## PROBLEM DETAILS
The reply should hold only the lines below beginning at the one with "Figure 12, the" and ending at the one with "防滑食品水靴劳保雨靴胶鞋 平底雨鞋 白色中高筒牛筋耐磨耐酸碱水鞋", copied exactly, with every picture left out.

Dataset excerpts:
▬▬▬▬▬▬

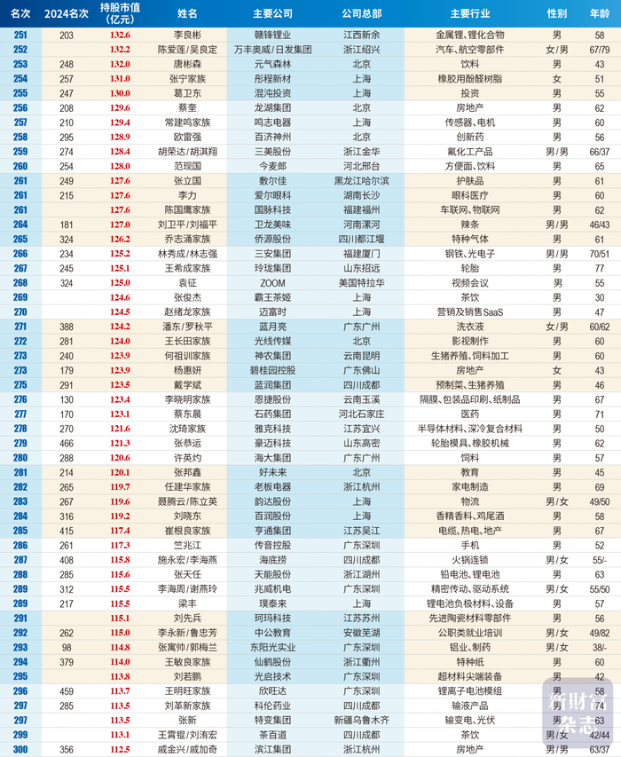 创新与出海拉动下,中国民企的价值创造能力加速释放,新一轮创富春潮正澎湃涌动。今年上榜的500位企业家或家族持股总市值达到13.7万亿元,同比上涨11%,均值为273.8亿元,上榜门槛为66.2亿元,有341人的身家在百亿以上。
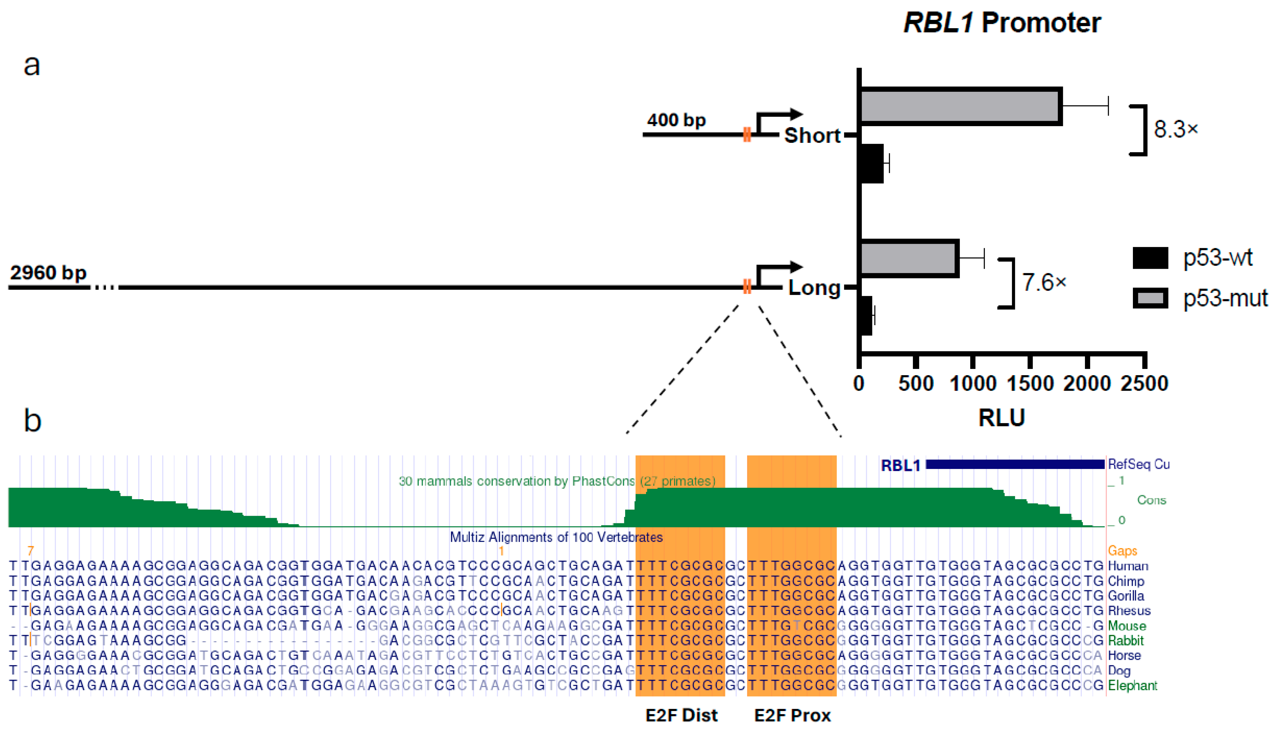 2.2. p53-Mediated Regulation of RBL1 Is Retained in a Short Promoter Fragment Containing Conserved E2F Sites
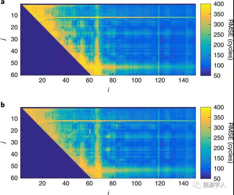 最后,作者還進(jìn)行了額外的分析,以了解在回歸設(shè)置中ΔQ(V)的特征選擇受周期指數(shù)的影響。作者研究了僅使用主要測(cè)試數(shù)據(jù)集的Qi(V) –Qj(V)方差單變量線性模型,如上圖所示。可以看出,該模型對(duì)i>60的索引方案不是很敏感,表明使用更早的周期進(jìn)行精確預(yù)測(cè)周期壽命是完全可能的。作者假設(shè),模型對(duì)索引方案的不敏感性意味著周期數(shù)的線性退化,而周期數(shù)通常為L(zhǎng)AM模式。
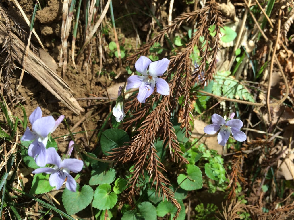 今日の昭和の森は晴れています。風は少し、暖かです。 陽を浴びてタチツボスミレが咲いています。青と言うか薄紫と言うか、小さな花が可憐です。三寒四温、本格的な春が近づいています。
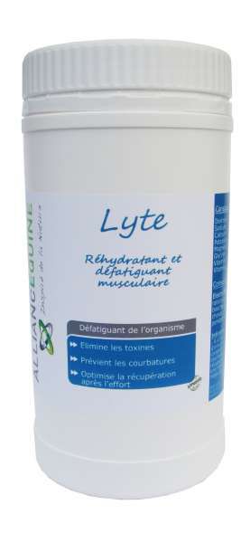 Lyte a été élaboré pour faciliter la récupération du cheval après l,effort, un long transport ou une chaleur intense. La ration journalière du cheval ne suffit pas à couvrir ses besoins en pertes d,électrolytes. Cela risque donc d,entraîner fatigue et déshydratation. Lyte va lui fournir dans des proportions particulièrement étudiées et adaptées :- Électrolytes - Glycine - Vitamine E - Vitamine C - Oligo éléments (Sodium, Calcium) Aucune contre indication à la compétition.
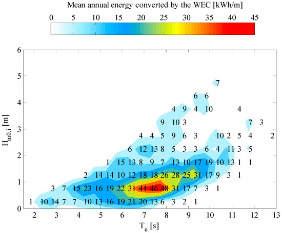 Figure 12, the power matrix of the WEC is shown as function of the energetic period
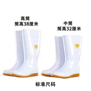 防滑食品水靴劳保雨靴胶鞋 平底雨鞋 白色中高筒牛筋耐磨耐酸碱水鞋
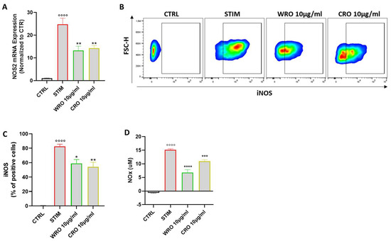 The J774A.1 cells were plated in a 24 multi-well and treated with WRO and CRO (10 μg/mL) for 1 h before the stimulation with LPS/IFN-γ for 24 h. The cells were incubated with a fixable viability dye (BioLegend, San Diego, CA, USA). Quantitative real-time PCR (RT-PCR) was performed using CFX384 real-time PCR for the live/dead gate and then fixed and permeabilized with Intracellular Fixation & Permeabilization Buffer (Thermo Fisher Scientific Waltham, MA, USA). After 30 min incubation, the cells were stained with anti-NOS2 (PE-Cy7) (Thermo Fisher Scientific Waltham, MA, USA) for 30 min at room temperature. For live vs. dead status, the J774 cells were treated with WRO and CRO for 24 h, then were labeled with the Zombie Green Fixable Viability Kit (BioLegend, San Diego, CA, USA), and washed as stated by the manufacturer’s instructions. The samples were acquired with a BriCyte E6 flow cytometer (Mindray, Medical Italy S.r.l, Milan, Italy) and analyzed with FlowJo software (Tree Star V.10; Carrboro, NC, USA).
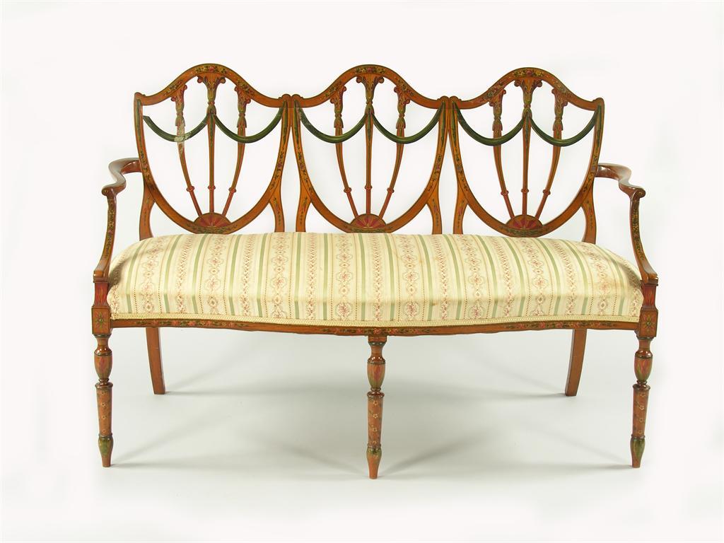 A late Victorian satinwood and polychrome decorated triple chair back settee

▬▬▬▬▬▬

## EXERCISE ANSWER
 Figure 12, the power matrix of the WEC is shown as function of the energetic period
 防滑食品水靴劳保雨靴胶鞋 平底雨鞋 白色中高筒牛筋耐磨耐酸碱水鞋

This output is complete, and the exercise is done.